Using the right Liapunov's Function V find the kind of stability of the non-linear system: $$ x'=\sin(x+y) $$

$$y'=-\sin(x-y)$$

given the Liapunov's function: $$V=x\cdot y $$

So, I don't have any experience on this type of exercices and I don't know even how to start the exercice.I know that i have to differentiate the liapunov's function $$V=x\cdot y$$ so i take :$$V'=Vx\cdot x'+Vy\cdot y'$$ but i don't find the reason and i don't know if it's right too.

I would really appreciate a thorough solution and explanation, since I've just started working on Liapunov's functions and Liapunov's stability and I have to clear my mind on them.I have to say that my dynamical's system book doesn't have problems of these types so to proceed.Thanks in advance!

Answer 1

First of all the $V$ you mentioned is not a Lyapunov function. Define the Lyapunov function $V(x,y)=x^2+y^2$. It is an exercise for you to verify that this is indeed a Lyapunov function for determining the stability of the point $(0,0)$.

If we consider $V(x(t),y(t))$ then this function is a function of $t$. Moreover the derivative w.r.t. $t$ is $\dot V(x(t),y(t))= \partial _x V(x(t),y(t))\cdot x'(t)+\partial_y V(x(t),y(t)) \cdot y'(t)$. Lyapunov's second theorem about stability is the following.

Theorem (Lyapunov's second method). Let $U\subset \mathbb{R}^n$ be a neighbourhood of the origin. Let $V:U\to \mathbb{R}$ be a Lyapunov function. Then the following is true:

• If $\dot V \leq 0$ on $U\setminus \textbf{0}$, then $\textbf{0}$ is stable.
• If $\dot V < 0$ on $U\setminus \textbf{0}$, then $\textbf{0}$ is asymptotic stable.
• If $\dot V > 0$ on $U\setminus \textbf{0}$, then $\textbf{0}$ is unstable.

Let's go back to our $V$ that we have defined there. We calculate the derivative w.r.t. $t$ but do not use $t$ in our notation because that makes it a little bit messy.
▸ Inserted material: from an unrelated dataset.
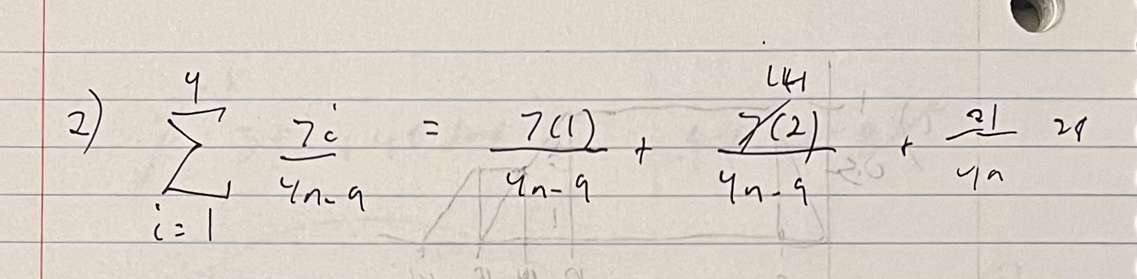 I got this question correct and was happy that I remembered how sigma notation worked, but I didn’t really know what I was doing when I answered this question. As you can see from my notes, I just started writing out the expanded equation inputting 1–4 for each value in the index, but I quickly realized the equation looked just like the third option of the solutions. Initially I thought I was going to need to do some algebra at some point or something, but that turned not to be the case. 🤷🏻♂️

We just write $x$ instead of $x(t)$. \begin{align} \dot V(x,y) &= 2x \cdot x'+2y \cdot y'\\ &= 2x \sin(x+y) - 2y\sin(x-y) \end{align} Now we must find out what the sign is of this expression in a neighbourhood of $(0,0)$. A natural thing to do is to take the Taylorpolynomial of the sine function around zero, so: \begin{align} \dot V(x,y) = 2x(x+y) -2y(x-y) + O(||(x,y)||^3) = 2x^2+2y^2 + O(||(x,y)||^3) \end{align} Since $O(||(x,y)||^3)$ has a much smaller magnitude than $2x^2+2y^2$ around $(x,y)=(0,0)$ we can actually find a neighbourhood of $(0,0)$ where $\dot V$ is positive in that neighbourhood excluding $(0,0)$. So $(0,0)$ is an unstable stationary point of the given differential equation.

Answer 2

You should take the gradient of the Liapunov function $$\nabla V = \left(\frac{\partial}{\partial x} V, \frac{\partial}{\partial y} V\right)$$ and consider what angle this makes with the vector field of the given differential equation.
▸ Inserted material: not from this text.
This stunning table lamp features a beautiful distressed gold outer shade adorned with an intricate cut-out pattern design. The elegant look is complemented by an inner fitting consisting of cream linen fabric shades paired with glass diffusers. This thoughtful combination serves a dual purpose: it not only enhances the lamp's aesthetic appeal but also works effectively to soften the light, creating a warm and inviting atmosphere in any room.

Can you show the cosine of this angle is always positive or always negative, in certain regions of the plane? This will tell you something about how the trajectory specified by the differential equation will be constrained by the level sets of the Liapunov function $V(x,y) = c$.

Answer 3

Set $V(x,y)=\sin^2(\frac{x+y}2)+\sin^2(\frac{x-y}2)$ then \begin{align} (\dot V f)(x,y)&=(\sin(x+y)+\sin(x-y))\sin(x+y)-(\sin(x+y)-\sin(x-y))\sin(x-y) \\ &=\sin^2(x+y)+\sin^2(x-y) \end{align} which shows that the point $(x,y)=(0,0)$ is unstable.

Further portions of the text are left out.